I've been reading a lot about avoiding misbehavior in toddlers and tips in dealing with tantrums because my boy is at a stage where he really tests my patience (most of the time!) lol.
I found very helpful advise from RollerCoaster.ie
Avoiding Misbehavior
Plan Ahead
Thinking about situations in advance can do a lot to avoid and reduce potential conflicts. For example making sure your child has brought some entertaining activities on a long train journey or planning a positive way for him to be involved in a shopping trip, could avoid tantrums and frustration.
Have Good Routines
Good clear routines around bedtime, mealtimes, homework etc, which make it clear about what is happening and what is expected can really avoid problems. Sit down and plan the routines you want to build up in your family. Remember children can take a while to settle into new routines.
Talk Problems Through
In the long term it is best to talk problems through with children and help them find more positive ways of behaving. This is best done away from a conflict situation when everyone is calm. Remember when talking things through it is best to listen to the child first, going slowly to understand their point of view and feelings before helping them think of other ways of behaving.
Ignore Misbehavior
Many parents inadvertently encourage misbehavior by giving it attention e.g. giving out, shouting, nagging etc.

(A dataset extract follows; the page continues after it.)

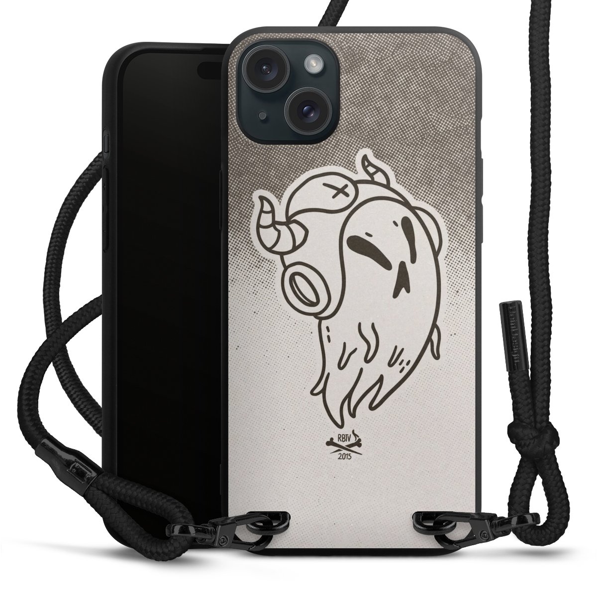 Pure Black: Handyhülle, Stoffband und Metalldetails in stylischem Mattschwarz.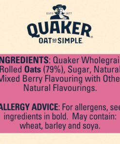 Quaker Wholegrain Rolled Oats (79%). Sugar. Natural Mixed Berry Flavouring with Other Natural Flavourings.

Simply by ignoring a lot of misbehavior will disappear. Remember to go out of your way to notice the opposite positive behavior that you want!Use choices and consequences
Rather than nagging children when they misbehave, give them a choice about a consequence. For example 'Either you clean your toys away now or they will be taken off you for the day - it's your choice' or 'Either you come in now for tea or you will miss your favorite TV program tonight'Be Consistent
If you do give a child a consequence to a rule, be prepared to enforce it. When they know you won't give in, problems will reduce.Be Calm
All discipline problems are best managed in a firm but calm way. It is very tempting to get upset or have a go at a child but this doesn't work and leaves parent and child upset. If you feel yourself getting angry it may be best to withdraw, calm down, and then deal with the situation: 'I'm too upset to talk about what happened, I will deal with you later about it'
Though very effective positive discipline is hard work. You need to be positive and consistent for a long time. It's hard to do this if you feel tired or low. That's why it is very important for parents to be kind to themselves and to look their own needs.
It is important to find activities you can enjoy or relaxing, or to make sure you keep in touch with good friends and family. Basically by looking after yourself you are looking after your child. The more relaxed and refreshed you feel the more calm positive and consistent you will be.